RECORDS SUPPLIED »

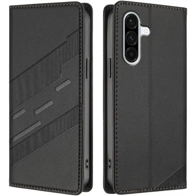 Phonesta Embossed Lines Book Wallet Klapphülle für Samsung Galaxy A36 - Schwarz
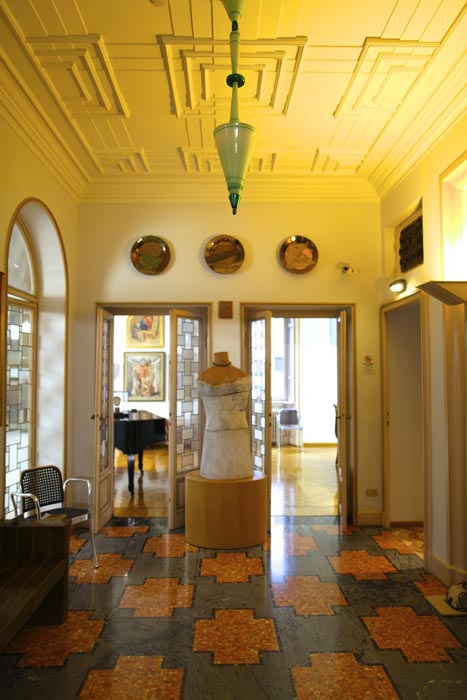 All’ingresso si trovano i ritratti dedicati ai coniugi Boschi e subito, sulla sinistra, c’è un corridoio con tele di Severini e di Boccioni. Su questo corridoio si aprono due porte, la prima riguarda il bagno padronale, con ancora alcuni elementi originali e con la nicchia della vasca centrale speculare alla nicchia dello specchio sul lavello, mentre la porta di fronte fa da ingresso alla stanza del “Novecento italiano” con quadri di Funi, Marussig, Tozzi, Carrà e Casorati.
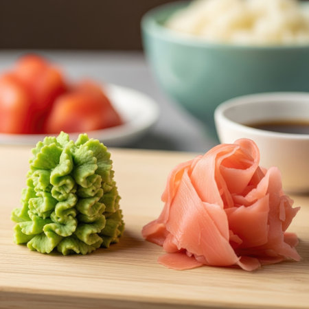 A close-up captures a vibrant green wasabi and delicate pink ginger on a wooden surface. Soft lighting illuminates the textures and colors of the food. In the blurred background, there are other food items arranged in bowls, creating a culinary composition suitable for editorial or commercial applications.
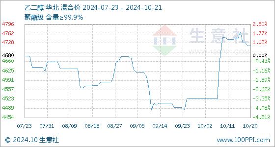 10月21日生意社乙二醇基准价为4718.33元/吨
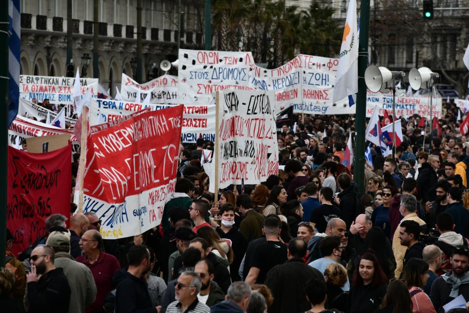 Σε εξέλιξη είναι στο Σύνταγμα το συλλαλητήριο για το σιδηροδρομικό δυστύχημα στα Τέμπη, με ανθρώπους κάθε ηλικίας να ζητούν να πέσει φως στη σύγκρουση των αμαξοστοιχιών με τους 57 νεκρούς.
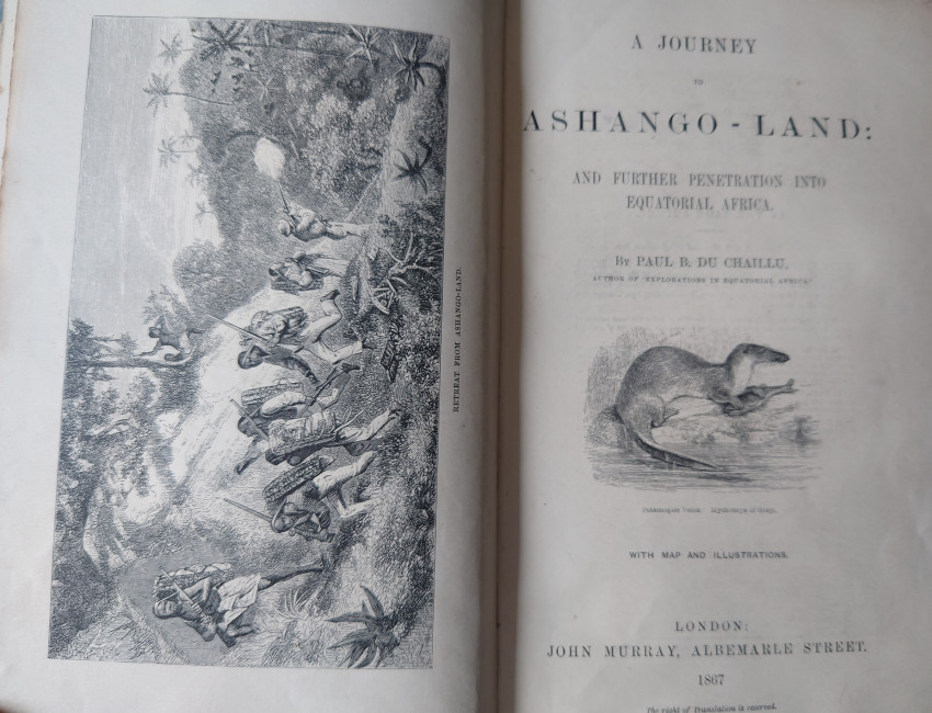 Published by John Murray, 1867. 1st edition. A superior copy of this first edition of du Chaillus' travel account of his time in Equatorial Africa, illustrated with a folding map and 21 plates. The first edition of this work.'A Journey to Ashango-Land' is du Chaillu's first hand account of his time in Ashango Land and Equatorial Africa.Whilst du Chaillu was researching this book, he was elected the King of the Apingi tribe.Illustrated with a frontispiece, vignette title page, one folding map, and twenty-one plates.

EXERCISE REQUIREMENTS »
Look above for the line with "A close-up captures" and the line with "10月21日生意社乙二醇基准价为4718.33元/吨", then copy them and all lines in between exactly as written, and only those, without any pictures.

TASK SOLUTION »
 A close-up captures a vibrant green wasabi and delicate pink ginger on a wooden surface. Soft lighting illuminates the textures and colors of the food. In the blurred background, there are other food items arranged in bowls, creating a culinary composition suitable for editorial or commercial applications.
 10月21日生意社乙二醇基准价为4718.33元/吨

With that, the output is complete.